Der promovierte Chemiker, der 1865 zur humoristischen Schriftstellerei konvertierte, gehörte dem 1882 gegründeten »Allgemeinen Deutschen Reimverein« (ADR) an, der sich der lustigen Aufgabe verschrieben hatte, das Versemachen und Literaturbasteln zum Volkssport zu erheben. Julius Stinde selbst spielte zu diesem Behufe unter dem Pseudonym Theophil Ballheim einen würdevollen Sportlehrer und betrieb eine gestrenge »literarisch-poetische Lehranstalt«, die mittels »poetischer Unterrichtsbriefe« die Adepten anlernte.
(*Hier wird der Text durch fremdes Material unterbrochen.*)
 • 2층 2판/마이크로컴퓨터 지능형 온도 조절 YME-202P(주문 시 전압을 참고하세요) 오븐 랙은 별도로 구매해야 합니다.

Mit Erfolg, wird doch die vom ADR geförderte »Kunst des Schüttelreimens« bis heute ausgeübt. Es können »durch seine Hilfe selbst Diejenigen, welchen die Muse den Kuß spröde versagen will, sich denselben erobern und also zu nützlichen Mitgliedern der Dichtergemeinde herangebildet werden«, erläutert Stinde und gibt zur weiteren Bedichtung die Schüttelreime »Sonnenwende – Wonnen sende, Klagesang – Sage klang, Krieg sehnen – Sieg krönen« frei.
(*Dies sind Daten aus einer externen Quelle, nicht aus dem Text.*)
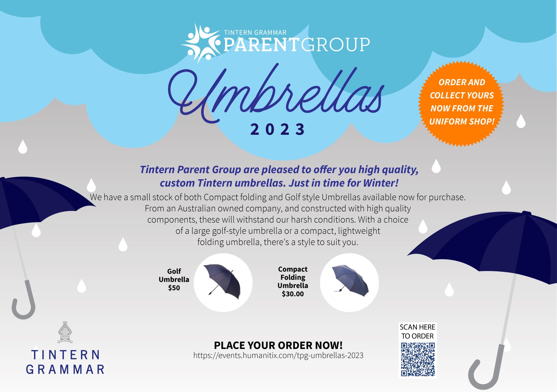 Orders your online here: https://events.humanitix.com/tintern-parent-group-umbrellas-2023

Schüttelreime in Massenfertigung: das paßt gut ins Maschinenzeitalter. Aber auch die Technik des streng geregelten Sonetts eignet sich zur Fließbandproduktion. Nötig ist nur ein Thema, das der Dichtersmann seiner persönlichen Umgebung entnimmt, ferner, dem Zeitgeist des Utilitarismus entsprechend, ein Zweck, denn ein Sonett muß »gleichzeitig belehrend und fördernd einwirken, damit die Mühe nicht vergebens. Das Dichten muß nützen.« Heraus kommen Sonette, die die schädliche Wirkung kalter Getränke, die Gefahren der Zugluft und die Tödlichkeit von Kirschkernen bereimen.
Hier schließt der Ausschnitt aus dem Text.